Обалделый Лапуль приподнялся, казалось, понял и заорал: «Здесь!» — таким диким голосом, что Лубе покатился со смеху. Паш, кончив шить, отозвался чуть слышным голосом, словно бормотал молитву. Шуто даже не привстал, презрительно выдавил нужное слово и растянулся еще удобней.
Дежурный лейтенант Роша неподвижно стоял в нескольких шагах и ждал. После переклички сержант Сапен доложил, что все налицо, и лейтенант проворчал, указывая на Вейса, который все еще беседовал с Морисом:
— Есть лаже один лишний. Что он здесь делает, этот «шпак»?
— Разрешено полковником, господин лейтенант, — счел нужным объяснить Жан.
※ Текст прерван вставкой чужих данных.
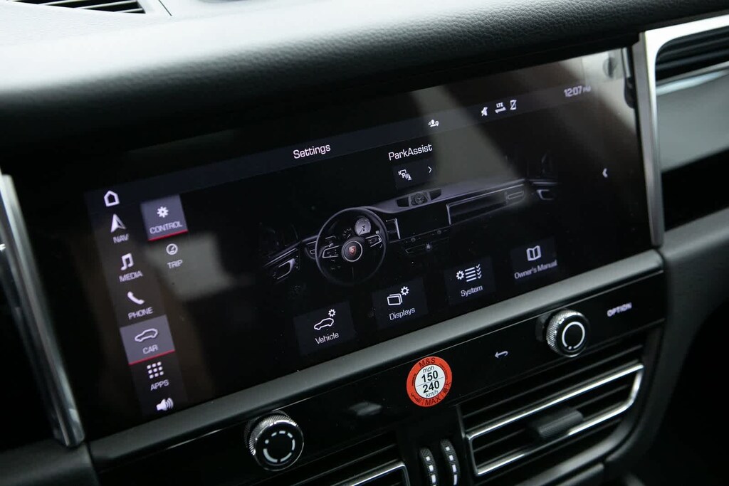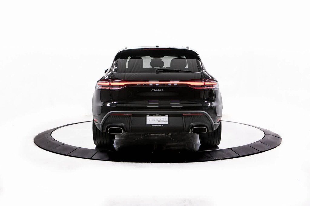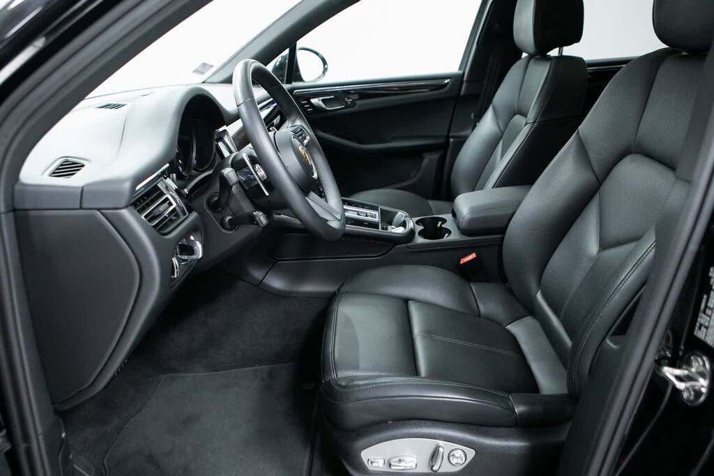 Porsche Certified, 14-Way Power Seats w/Memory Package, 4-Wheel Disc Brakes, 8 Speakers, 8-Way Heated Front Comfort Seats, ABS brakes, Air Conditioning, Alloy wheels, AM/FM radio: SiriusXM, Apple CarPlay, Auto-dimming door mirrors, Auto-dimming Rear-View mirror, Automatic temperature control, BOSE Surround Sound System, Brake assist, Bumpers: body-color, Delay-off headlights, Driver door bin, Driver vanity mirror, Dual front impact airbags, Dual front side impact airbags, Electric Steering Column, Electronic Stability Control, Emergency communication system, Exterior Parking Camera Rear, Four wheel independent suspension, Front anti-roll bar, Front Bucket Seats, Front Center Armrest, Front dual zone A/C, Front reading lights, Front Ventilated Seats, Fully automatic headlights, Garage door transmitter: HomeLink, Heated door mirrors, Heated front seats, Heated Steering Wheel, Illuminated entry, Lane Change Assist (LCA), Leather Shift Knob, Leather steering wheel, LED Headlights w/Porsche Dynamic Light System Plus, Low tire pressure warning, Memory seat, Navigation System, Occupant sensing airbag, Outside temperature display, Overhead airbag, Overhead console, Panic alarm, Panoramic Roof System, Passenger door bin, Passenger vanity mirror, Porsche Communication Management, Porsche Crest on Front Headrests, Power door mirrors, Power driver seat, Power Liftgate, Power passenger seat, Power steering, Power windows, Premium Package Plus, Radio data system, Rain sensing wipers, Rear air conditioning, Rear anti-roll bar, Rear Heated Seats, Rear reading lights, Rear seat center armrest, Rear side impact airbag, Rear window defroster, Rear window wiper, Remote keyless entry, Roof Rails in High Gloss Black, Security system, Speed control, Speed-sensing steering, Split folding rear seat, Spoiler, Sport steering wheel, Standard Seat Trim, Steering wheel mounted audio controls, Surround View, Tachometer, Telescoping steering wheel, Tilt steering wheel, Traction control, Trip computer, Turn signal indicator mirrors, Variably intermittent wipers, Wheel Center Caps w/Colored Porsche Crest, Wheels: 19 Macan, Wheels: 21 RS Spyder Design. Black 2025 Porsche Macan Base AWD 7-Speed Porsche Doppelkupplung (PDK) 2.0L I4 Turbocharged

Роша сердито пожал плечами и молча зашагал вдоль палаток, ожидая, когда потушат огни; а Жан, разбитый усталостью после дневного перехода, уселся в нескольких шагах от Мориса, чьи слова доносились до него сначала только как жужжание; но он их не слушал, погрузившись в смутные мысли, которые медленно шевелились в его неповоротливом мозгу.
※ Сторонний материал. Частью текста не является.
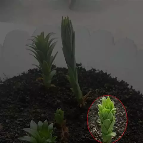 ⑵褛衣芽 褛衣芽一般在上一年的8、9、10月长出,因遇干旱,寒冷不长,冬天来临时叶变枯。由于低温,缺水,上部长得较慢,下部积累营养,因而养分充足,型状上小下大,根系多,一般在2、3月份种植时用。种植后是先发根,后抽叶。
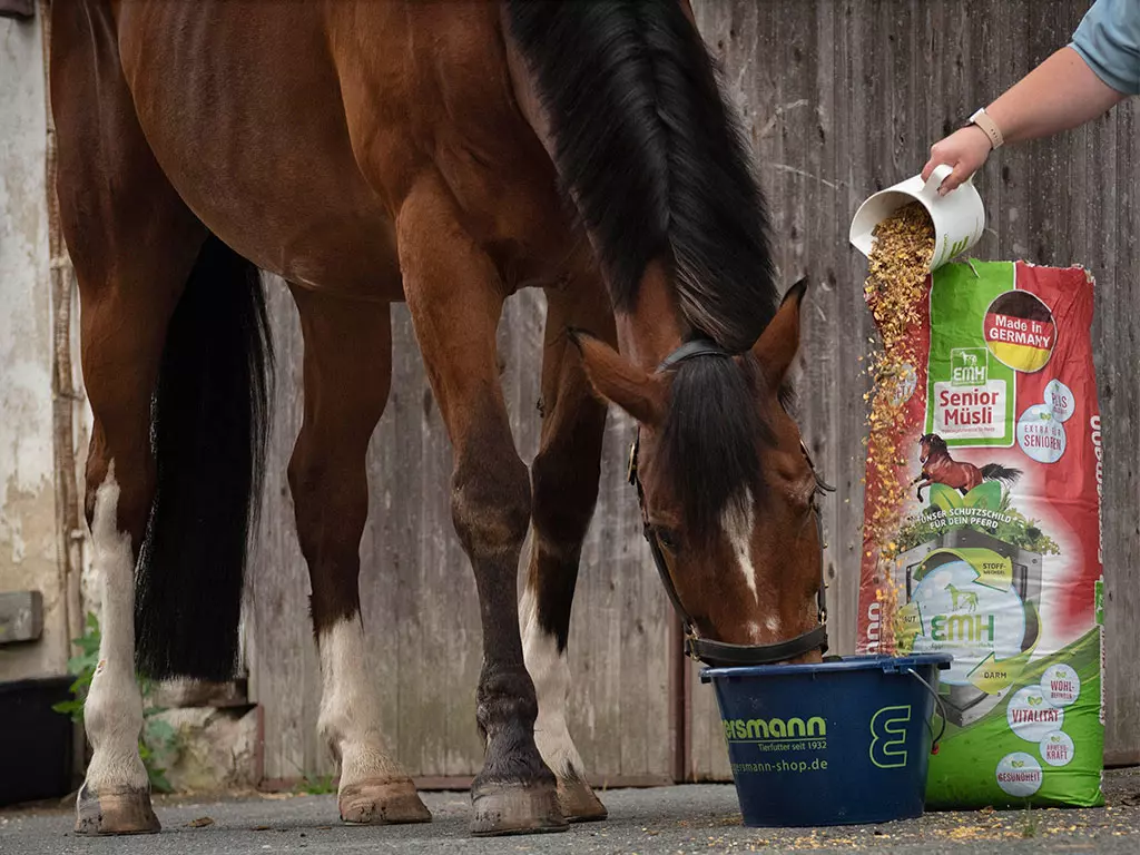 Mit steigendem Alter verschlechtert sich auch die Futterverwertung des Pferdes. Heißt: Das, was früher mal an Futter ausgereicht hat, reicht nun oft nicht mehr, um den Bedarf des Seniors zu decken und die Körpermasse zu erhalten. Daher gibt es speziell auf die Bedürfnisse der älteren Pferde abgestimmte Senior-Futtermittel, die dem erhöhten Bedarf gerecht werden. Diese sind für die speziellen Bedürfnisse der „Oldies“ entwickelt worden, um altersbedingtem Substanzverlust vorzubeugen, das Immunsystem zu stimulieren und den Appetit anzuregen.

Морис был за войну, считал ее неизбежной, необходимой для самого существования народов. Он пришел к такому заключению с той поры, как воспринял эволюционные идеи, всю эту теорию эволюции, которой в то время увлекалась образованная молодежь. Разве жизнь не является беспрерывной борьбой? Разве сама сущность природы не есть постоянная борьба, победа достойнейшего, сила, поддерживаемая и обновляемая действием, жизнь, которая возрождается вечно юной после смерти? И он вспомнил, как его охватил великий порыв, когда ему явилась мысль стать солдатом, идти сражаться за родину, чтобы искупить свои проступки.
Может быть, Франция в дни плебисцита и доверилась императору, но не хотела войны. Он сам еще неделю назад считал войну преступной и нелепой. Люди спорили о кандидатуре германского принца на трон Испании; в неразберихе, которая возникла мало-помалу, были виноваты, казалось, все, и никто уже не знал, откуда исходит провокация; оставалась только неизбежность, роковой закон, по которому в назначенный час один народ идет против другого народа. Трепет пронесся по Парижу. Морис вспомнил пламенный вечер, когда бульвары кишели толпой, люди потрясали факелами, кричали: «На Берлин! На Берлин!» Перед ратушей, взобравшись на козлы извозчичьей кареты, высокая красавица с царственным профилем завернулась в полотнище флага и запела «Марсельезу». Неужели все это обман, неужели сердце Парижа не забилось? А потом, как всегда, после восторженного состояния последовали часы страшных сомнений и отвращения: прибытие в казарму, встреча с фельдфебелем, который его принял, и сержантом, который велел выдать ему военную форму; зловонная и омерзительно грязная комната, грубое обращение новых сотоварищей, механические упражнения, от которых ломило все тело и притуплялся мозг. Но через несколько дней он к этому привык и уже не испытывал отвращения. И его опять охватил восторг, когда полк наконец выступил на Бельфор.